2. You can't just throw everything away. They are still people with lives and there are things mixed in there that are actually needed and useable (like anything people use in day to day life- clothes, dishes, home goods), but everything is usually so bunched up with junk you'd need time to sort through it to find all the stuff to keep. Plus, I'm not a millionaire and can’t just re-buy a whole house worth of items for my hoarder family member. (and if they have to re-buy it themselves there will be blood)
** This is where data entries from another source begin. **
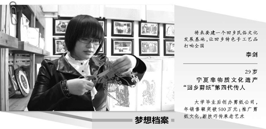 “儿时陪着母亲创作剪纸的过程,现在仍然历历在目,在大学学习广告,考研,其实都是为了一个目标,回乡创业,把剪纸发扬光大。所以即便考研不成功,还是要干。”原来,早在学生时期,她便有了一个明确的目标,曲曲折折的路径,都是通往一个目的地。
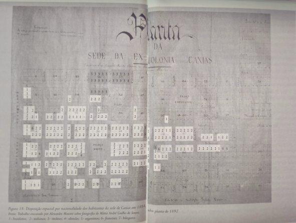Imagem reprodizida do livro "Formação Urbana de Caxias do Sul” de Roberto Nascimento, onde destaca as etnias brasileiros, italianos, tiroleses, alemães, argentinos, franceses e húngaros.
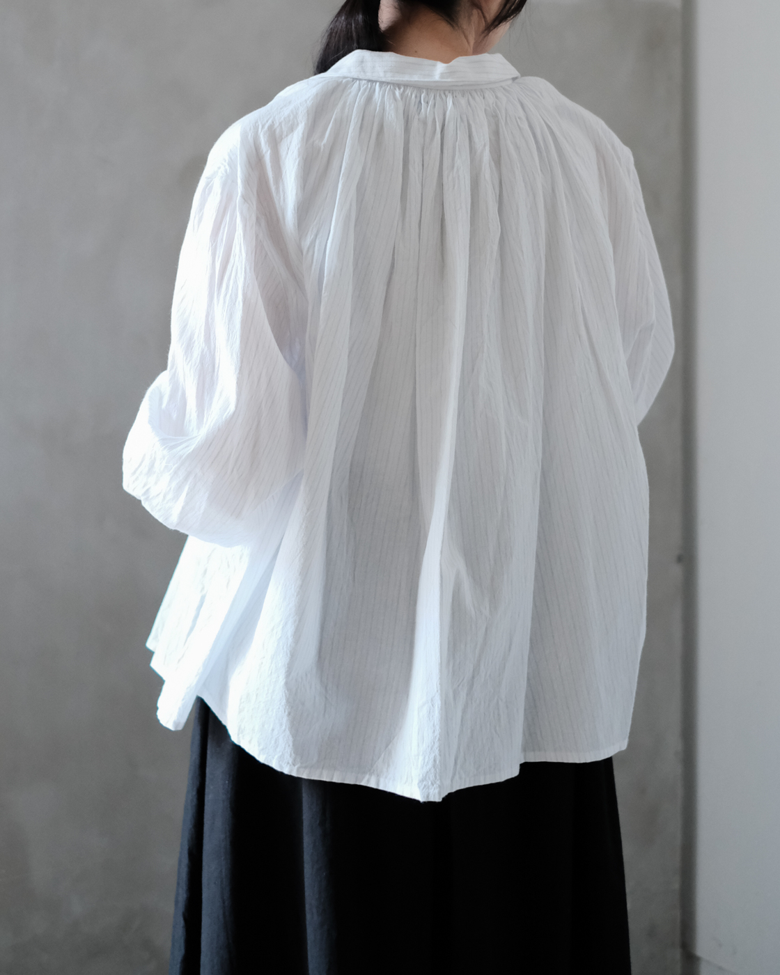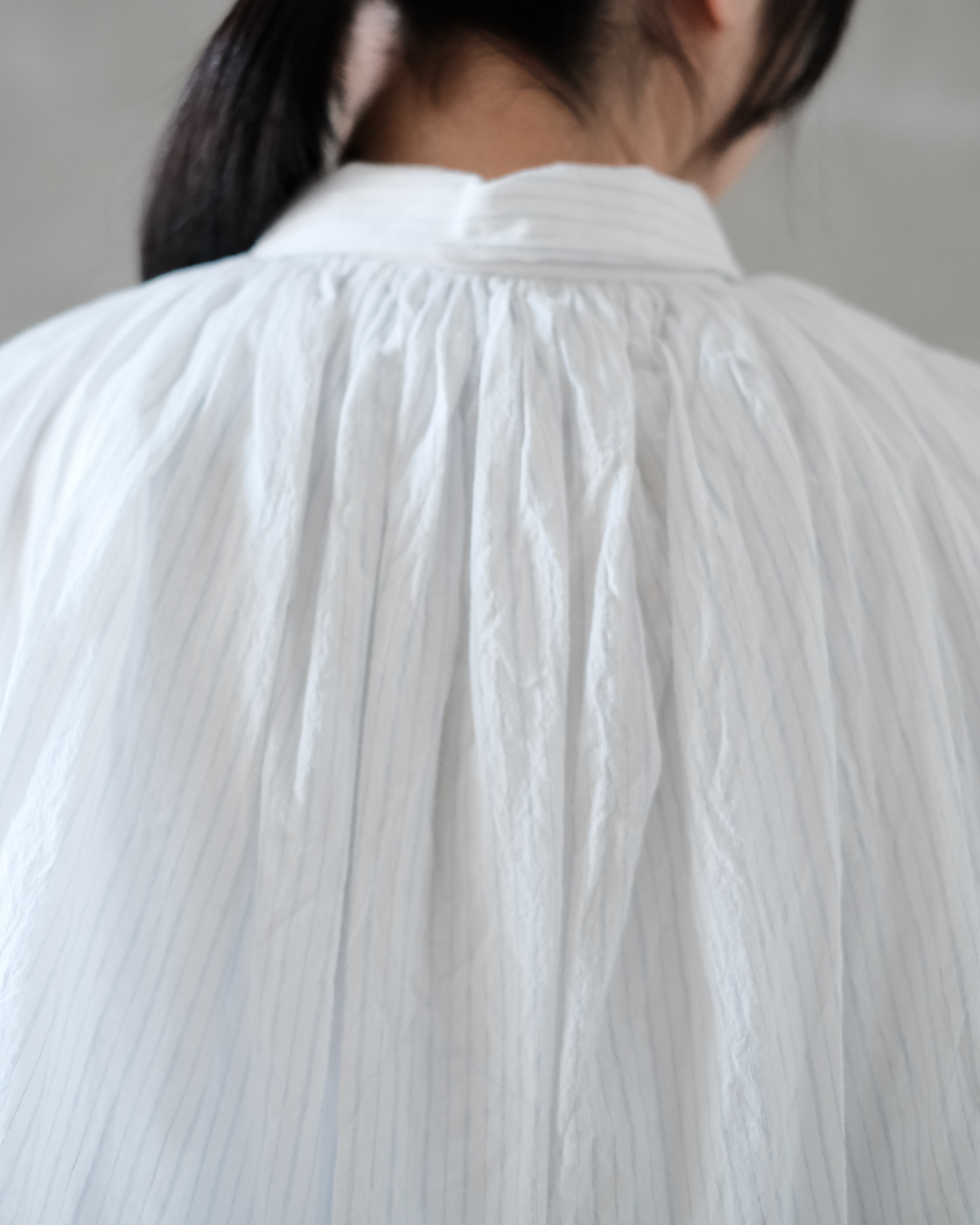 コンパクトな襟元は愛らしさがあり、首周りには細かくギャザーが施されたつくりに。

3. Imagine if your loved one threw away all your furniture, photographs and anything else you value that is irreplaceable. The reaction you would have to that is the same reaction a hoarder usually has to you trashing a stack of old magazines or a pile of new clothes that are destined to never be worn. It’s irrational yes, but it's what I’ve experienced and had all out brawls over for years. Often sentimentality and need are bestowed upon things that don’t deserve this treatment, and in a hoarder’s mind keeping bins of old mail is just as justifiable as keeping a wedding album.
4. Most often times as soon as you do dispose of something, other things will soon fill its place. This is life. More stuff will come in and you are basically the only soldier fighting a never ending war.
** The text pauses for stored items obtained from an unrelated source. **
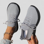 Zapatillas deportivas de punto con ajuste similar a un calcetín y diseño de cordones discreto. El material superior, de tejido ligero y transpirable, se adapta al pie y ofrece una sensación de suavidad agradable al usar.
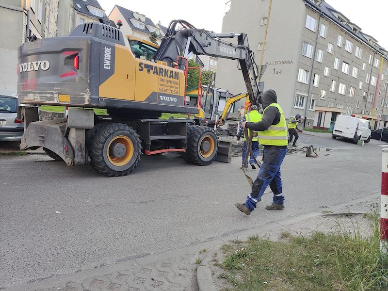 W Stargardzie nadal trwa usuwanie awarii sieci wodociągowej. Zamknięta jest ulica Czarnieckiego. Fot. Wioletta Mordasiewicz
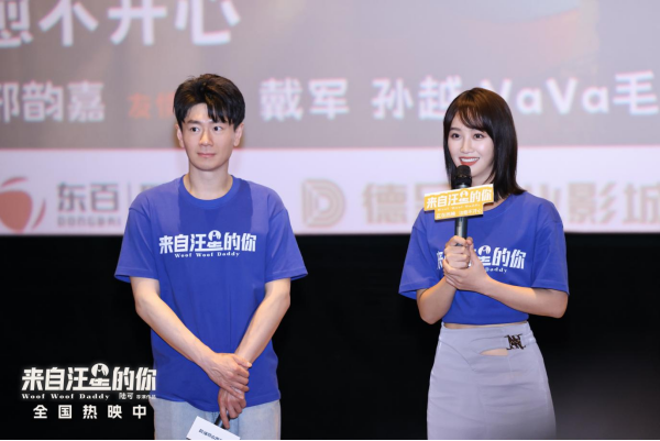 当天《来自汪星的你》团队还亮相多家影城。一位福州观众为主演蓝盈莹送上福建特色小吃福鼎肉片,并戏称福鼎肉片比剧中的红烧肉要更清淡健康一些,导演陆可表示“从小就吃福鼎肉片,很爱这一口”。另一位观众则送出令人感到意外的礼物——一根牵引绳,并表示这个礼物很适合当代年轻人的精神状态,“青春没有售价,没事溜溜我爸”,顺口溜一出,引得全场大笑。蓝盈莹以此为道具现场还原了电影中遛爸爸的经典名场面。
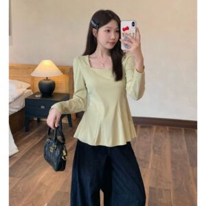 2025夏装新款胖mm大码收腰百褶下摆长袖T恤纯欲方领正肩上衣
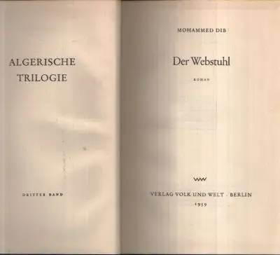 Der Webstuhl; Dib, Mohammed, Erzählungen; Triologie; Algerien; Französische Bourgeoisie; Macht; Faschismus; Wahlen Algerien; Alliierten landen; Hoffnung kommt auf; Wurden enttäuscht
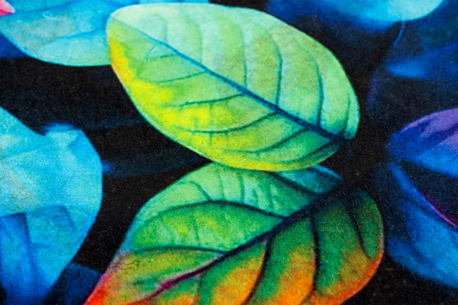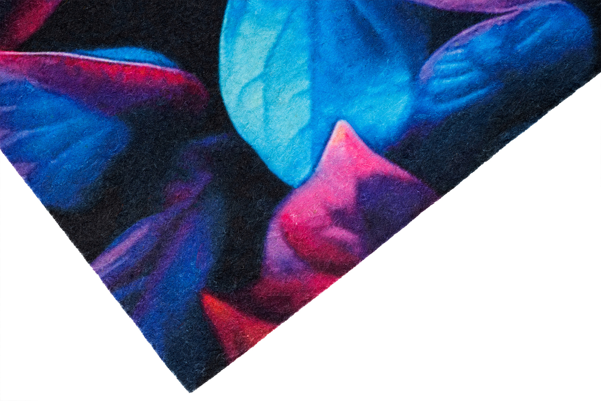 Wierzch wykonany jest z poliestrowego włókna z wyraźnym, estetycznym nadrukiem - dzięki czemu wycieraczka jest nie tylko praktyczna, ale również stanowi element wystroju. Na spodzie znajduje się antypoślizgowa guma, która stabilnie trzyma się podłoża i zapobiega przesuwaniu się maty podczas użytkowania.

The hardest part of living with someone like this is realizing you can't change them, and nothing you do externally to them will treat their behavior. They have to want to change themselves.
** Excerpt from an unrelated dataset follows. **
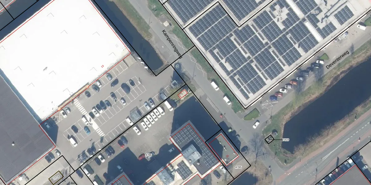 Het perceel waarop Kampenringweg 1 staat heeft een oppervlakte van 3870 m². Dit is een zeer groot perceel. De perceeloppervlakte wordt geregistreerd door het Kadaster. Gedetailleerde informatie over de maten van dit perceel kunt u vinden in het rapport Kadastrale kaart met maatvoering van Kampenringweg 1.
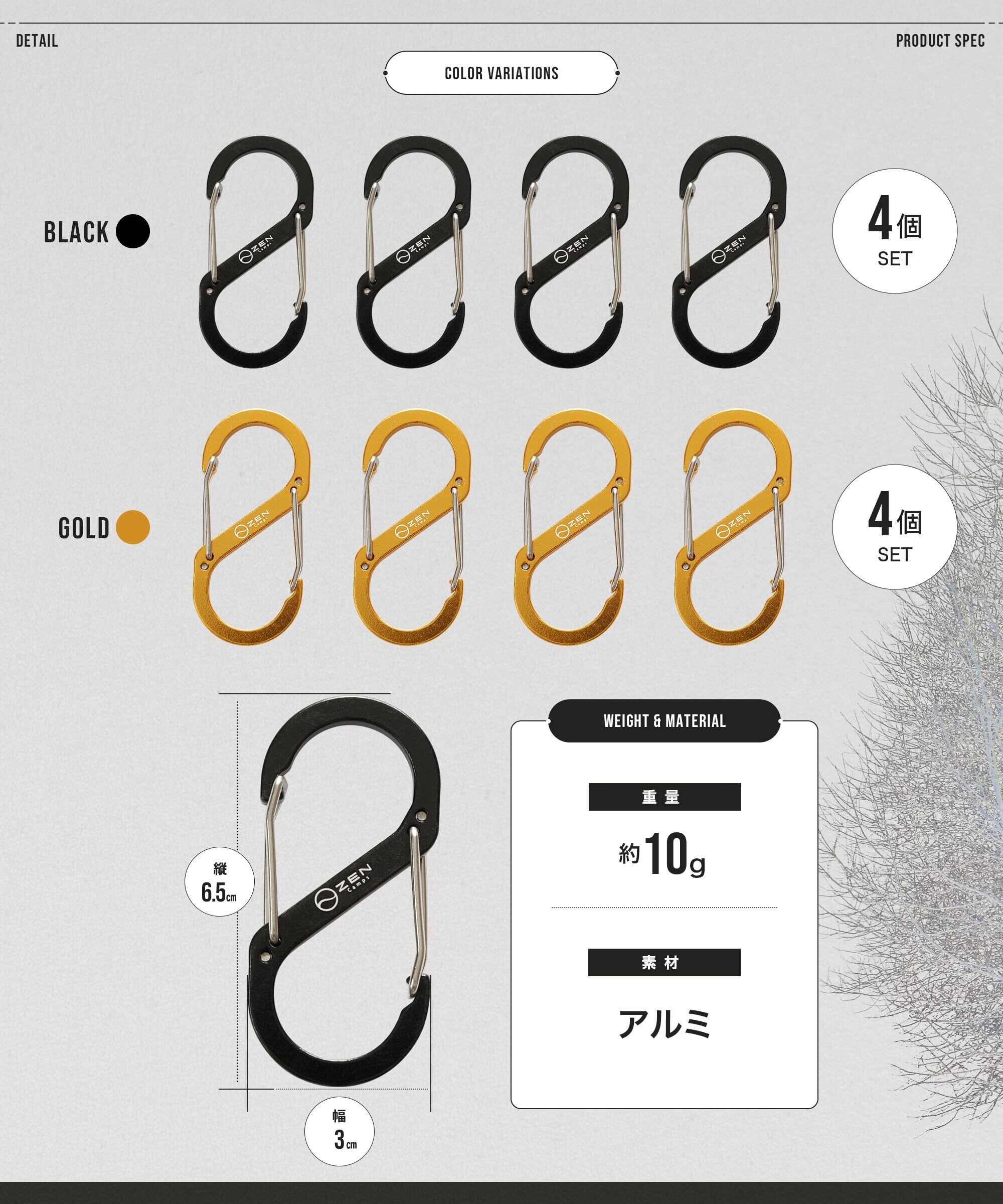 ZEN Camps カラビナ 4個セット アルミ合金 超軽量 キャンプ アウトドア

In the case of the show, think most people are nicer to strangers so the "experts" on this show do have the upper hand in a sense. The show is only an hour long so they don't show you all the anger, and crew members talking these people into changing their lives for money or new things. I'm sure almost everyone on this show has had to be talked out of backing out of the process numerous times. I'm fairly sure the families have tried to intervene in most of these cases and this was the last resort. Also, I would bet money that almost all of these people will be right back to their old ways after filming wraps if they don't see their behavior as a problem and aren't provided with some kind of post show counseling
I have a neighbor and friend who both she and her husband are hoarders. I have watched their home slowly fill up to the point where every room, bathtub, even sinks are unusable because of junk, old newspapers and mail. Many things they have bought are still in original boxes/bags and piled so high you cannot use any furniture, table, no place to sit either. Even their bed has junk mail all over it. Even some of their broken down cars are filled with overflowing junk from the house. I stopped going into their house years ago and worry about fires as they have blocked off many of their quick exits and could be trapped. I wonder if the fire department would site them for this. Don't want to lose the friendship by reporting them. Guess I have to accept that I can never pop over for a cup of tea (as she does at my house) and hope for the best re fires. They each blame it on the other so they are in denial. Well, at least they are not alone-----I never realized what a problem it has become until I saw the show. Too bad they don't have cable tv because maybe if they saw the show they might think about their problem---see the light so to speak.
Like some others I watch this show in order to pep myself up for some serious cleaning. At least to me, these shows are the cautionary tales of our times -- see what too much plenty will do to you. If the Grimm brothers were around, I'm sure they'd be right on to writing a scary story around this issue.
One of the big reason why I divorced my wife. She was a pack-rat who would choose her clutters over me.